- **TASK DETAILS**: Entries below include pictures. Output exactly the lines from the one with "Viering van twee" down to the one with "Figura 1: Pretensão", both ends included, and leave the pictures out.

(Extracted data entries)
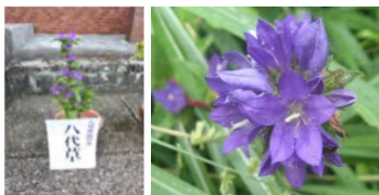
希少野生植物のヤツシロソウ

ヤツシロソウは、夏に桔梗や竜胆に似た花が茎頂や上部葉腋に多数集合して上向きに咲くキキョウ科の多年草である。別名、リンドウザキカンパニユラ(竜胆咲きカンパニユラ)。
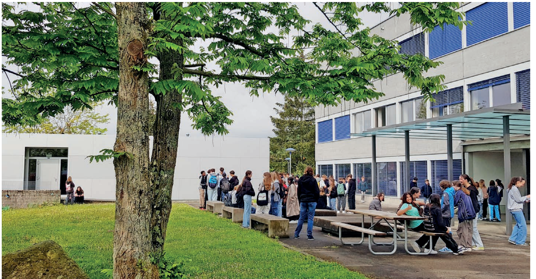
Le 50e anniversaire du Collège du District se tiendra le samedi 1er juillet, de 11h à 16h.
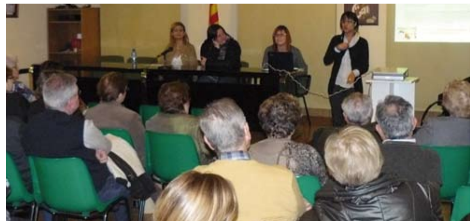
Les xerrades sobre temes de salut han comptat amb la col·laboració professional de L'Onada i el CAP de Riudoms

Podeu rebre més informació a les Oficines de l'Ajuntament de Riudoms o al 977 85 03 50.
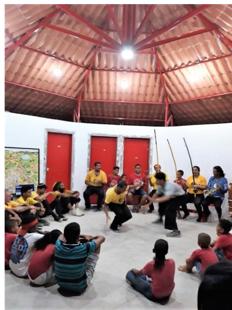
Viering van twee jaar capoeira in de nieuwe Eco-Oca

We gebruiken de eco-oca al volop. Voor de capoeira en voor bijeenkomsten met de lokale gemeenschap.
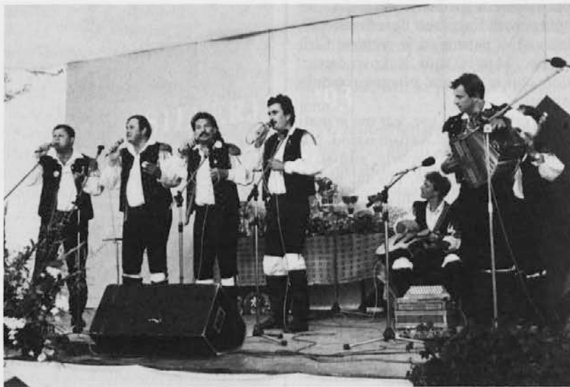
Ena od nastopajočih skupin na letošnjem festivalu v Števerjanu

V nadvse prijetnem razpoloženju, kot ga znajo iz leta v leto ustvariti prijazni Števerjanci, zbrani okrog KD Frančišek Borgia Sedej, je preteklo soboto in nedeljo ponovno zaživel festival domače glasbe, ki je letos doživel že 23. izvedbo. Prireditveni prostor pod borovci je pozno v noč odmeval ob zvokih sedemindvajsetih ansamblov — vsi so prišli iz Slovenije — ki so se potegovali za nagrade.
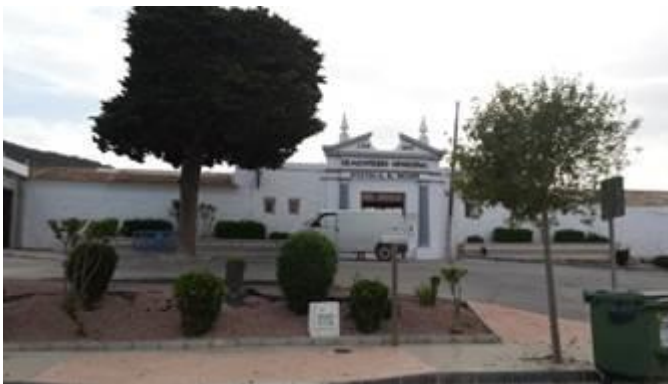
Foto 7. Edificaciones paradas frente al cementerio. Guardamar. Abril-mayo 2015.
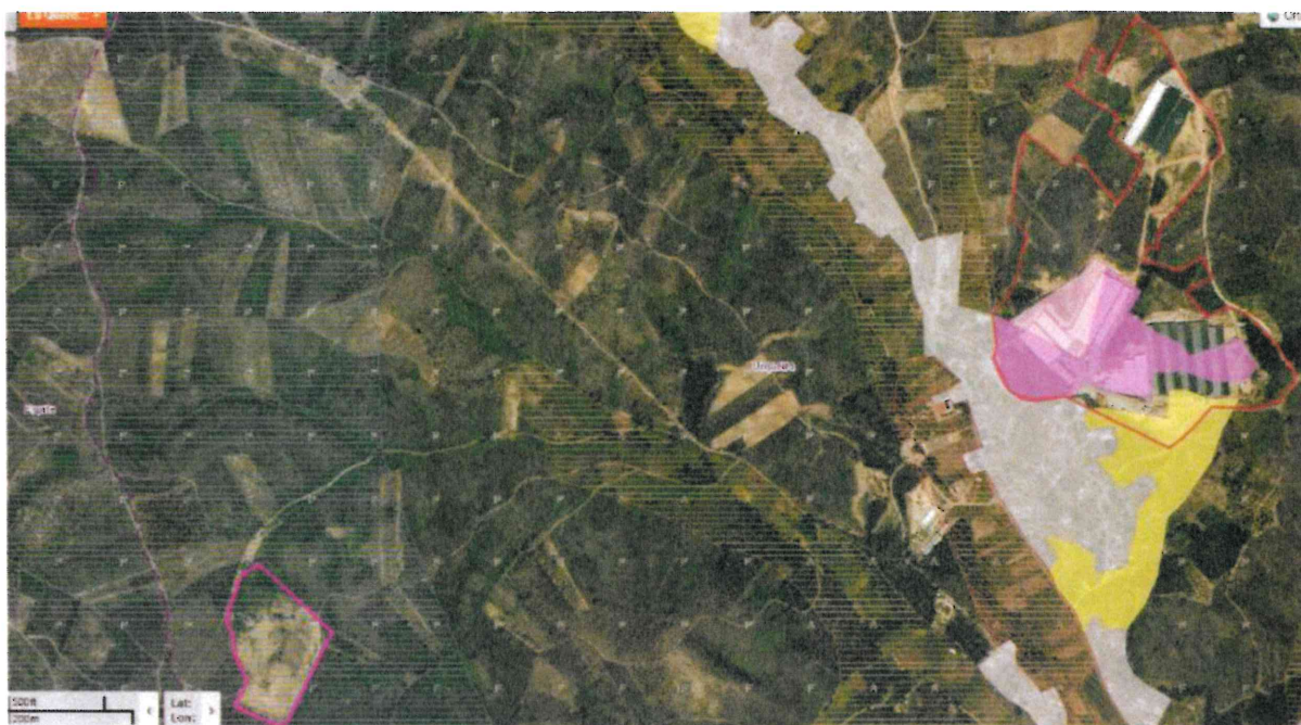
Figura 1: Pretensão – Pedido de Interesse Público

---- No âmbito do DL n.º 165/2014, de 5/11, a exploração Aviários do Resouro – Produção de Ovos, Lda solicitou a regularização e ampliação da Exploração Pecuária de Classe 1, para a Criação Intensiva de Galinhas Poedeiras e Recria de Galinhas Poedeiras, localizada na Rua do Aviário, em Resouro, da freguesia de Urqueira, do Concelho de Ourém, cuja entidade licenciadora é a DRAPLVT.-----
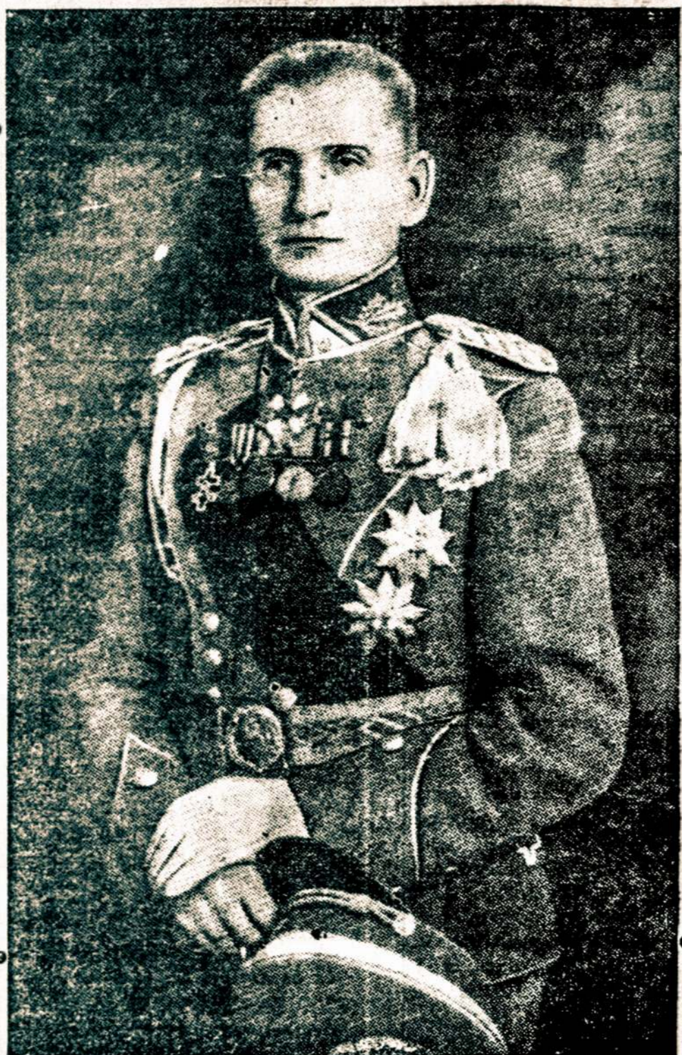
Divizijos generolas Leonas Žukauskas, buvęs kelis kartus Lietuvos kariuomenės vadu, šiemet mini 50 metų, kaip eina garbingas karininko pareigas.
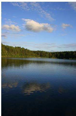
Jeziro Zakrzewie nad którym leży Ośrodek „Stawiska”

Dzięki porozumieniu z Gdańską Fundacją Dobroczynności, dzieci wyjadą na turnus rehabilitacyjny na okres 14 dni do Ośrodka Szkoleniowo-Wypoczynkowego „Stawiska” w Stawiskach (gmina Stary Bukowiec). Został podpisany list intencyjny, ustalono warunki odpłatności za pobyt dzieci oraz zakres działań rehabilitacyjnych. Koszty pobytu dzieci na turnusie pokryte mogą być z dofinansowania PFRON oraz wpłat własnych rodziców. Kierownikiem wyjazdu będzie Krzysztof Chełstowski. W trakcie turnusu dzieci objęte będą codziennymi zajęciami z dogoterapii, rehabilitacji ruchowej, zajęciami z pedagogiki zabawy. Pod okiem doświadczonej kadry będą miały dostęp do kąpieliska oraz sprzętu wodnego (rowerki wodne, kajaki). W trakcie wyjazdu zorganizowane zostaną wycieczki do Gdyni oraz rejs statkiem. Będą również inne atrakcje: bal przebierańców, podchody, ogniska, zawody sportowe, dyskoteki itp. Zainteresowanych bazą lokalową ośrodka do którego wyjadą dzieci zapraszamy na stronę:
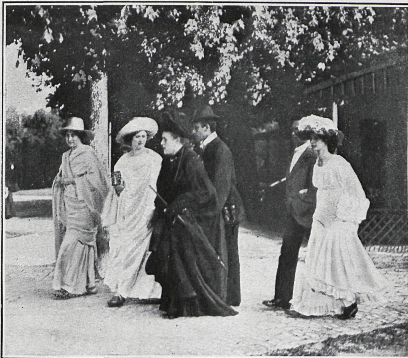
ARTISTAS DE BAIREUTH DIRIGIÉNDOSE AL TEATRO

La lectura de El Ultimo Tribuno , inspiróle su ópera Rienzi y acariciando la idea de estrenarla
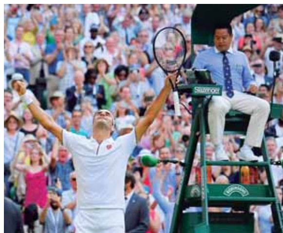
Federer, que a sus 37 años se convierte así en el tercer finalista de Grand Slam de mayor edad, buscará su noveno título de Wimbledon contra Djokovic.

El público del All England Club londinense esperaba un enfrentamiento que recordase a la épica final de 2008, pero no fue así.
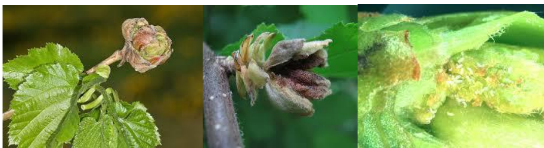
Gemma parassitata ancora chiusa
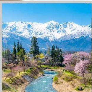
“HAKUBA OIDE PARK”
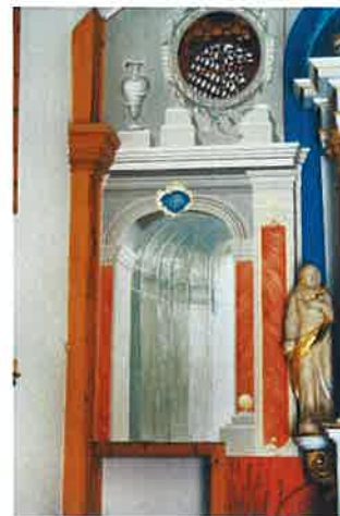
Ryc. 9. Puszcza Mariańska, pow. żyrardowski, kościół, fragment dekoracji ołtarza na ścianie wschodniej. Fig. 9. Puszcza Mariańska, Żyrardow dis., the church, fragment of the decoration of the altar on the eastern wall.
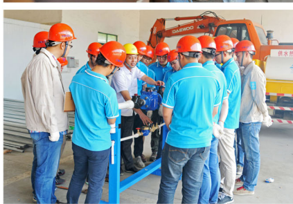
在施工一线,以更大的热情投入到技改创新中,为江南水务的发展添砖加瓦!”
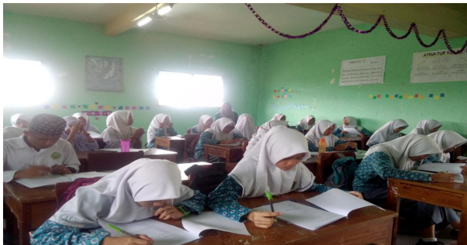
Suasana Pre Tes Siklus II Al-ittihadiyah Bromo Kelas X MA
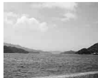
遠方に島々が連なる
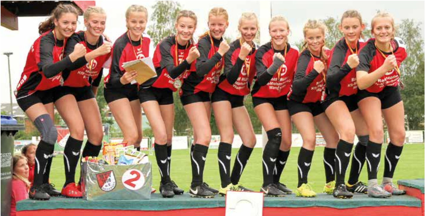
Große Freude bei Wangersens U14-Mädchen nach dem Gewinn der Silbermedaillen.
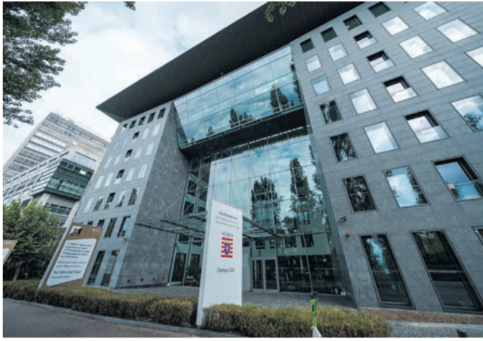
Das moderne Campus Gebäude lädt Besucherinnen und Besucher ein, sich über aktuelle Studiengänge und Ausbildungsmöglichkeiten in der Finanzverwaltung zu informieren.
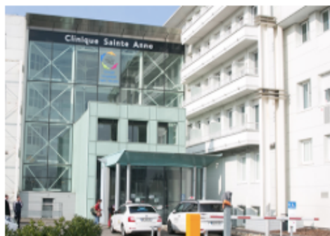
CLINIQUE SAINTE ANNE (Strasbourg)
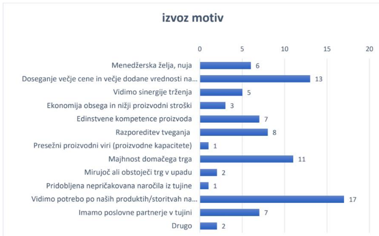
Slika: Analiza odgovorov na vprašanje 9 "Opredelite najpomembnejše MOTIVE za internacionalizacijo v podjetju"
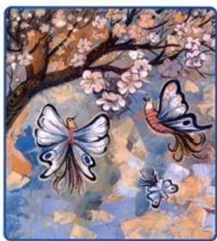
ПОЛІТ СПІВОЧОГО КАМІННЯ

Твір Дмитра Кешелі "Політ співочого каміння" – перша трилогія в закарпатській літературі за роки незалежної України, це історія Закарпаття 20-го ст., другої половини, побачена і пережита самим автором. Персонажі творів надзвичайно колоритні, упізнавані, мудрі, які живуть на перехресті всіх доріг цивілізації народів і культур. Трилогія наповнена гумором і сатирою. Це сміх крізь сльози!
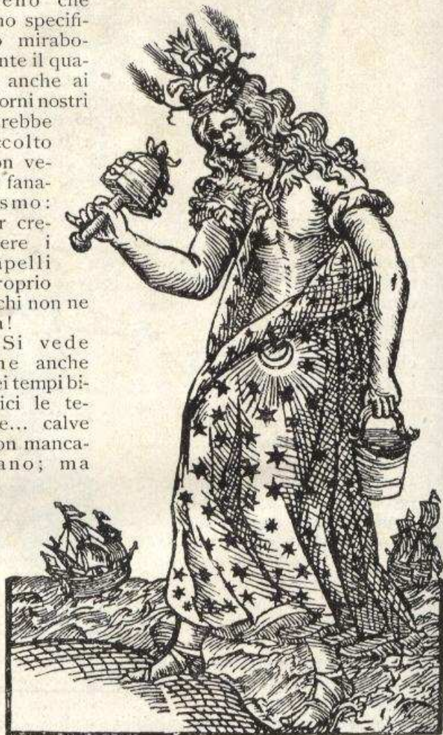
ISIS, MAGNA DEORUM MATER.

Si vede che anche nei tempi biblici le teste... calve non mancavano; ma
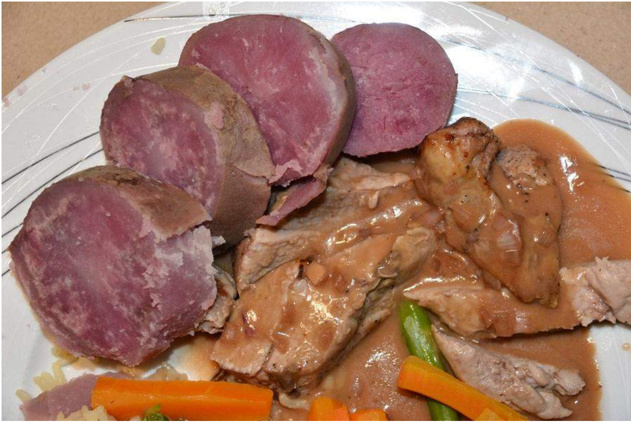
Pomme de terre 'Adirondack Red' bouillie et coupée en tranches.

- **SOLUTION TO THE PROBLEM**:
Viering van twee jaar capoeira in de nieuwe Eco-Oca

We gebruiken de eco-oca al volop. Voor de capoeira en voor bijeenkomsten met de lokale gemeenschap.
Ena od nastopajočih skupin na letošnjem festivalu v Števerjanu

V nadvse prijetnem razpoloženju, kot ga znajo iz leta v leto ustvariti prijazni Števerjanci, zbrani okrog KD Frančišek Borgia Sedej, je preteklo soboto in nedeljo ponovno zaživel festival domače glasbe, ki je letos doživel že 23. izvedbo. Prireditveni prostor pod borovci je pozno v noč odmeval ob zvokih sedemindvajsetih ansamblov — vsi so prišli iz Slovenije — ki so se potegovali za nagrade.
Foto 7. Edificaciones paradas frente al cementerio. Guardamar. Abril-mayo 2015.
Figura 1: Pretensão – Pedido de Interesse Público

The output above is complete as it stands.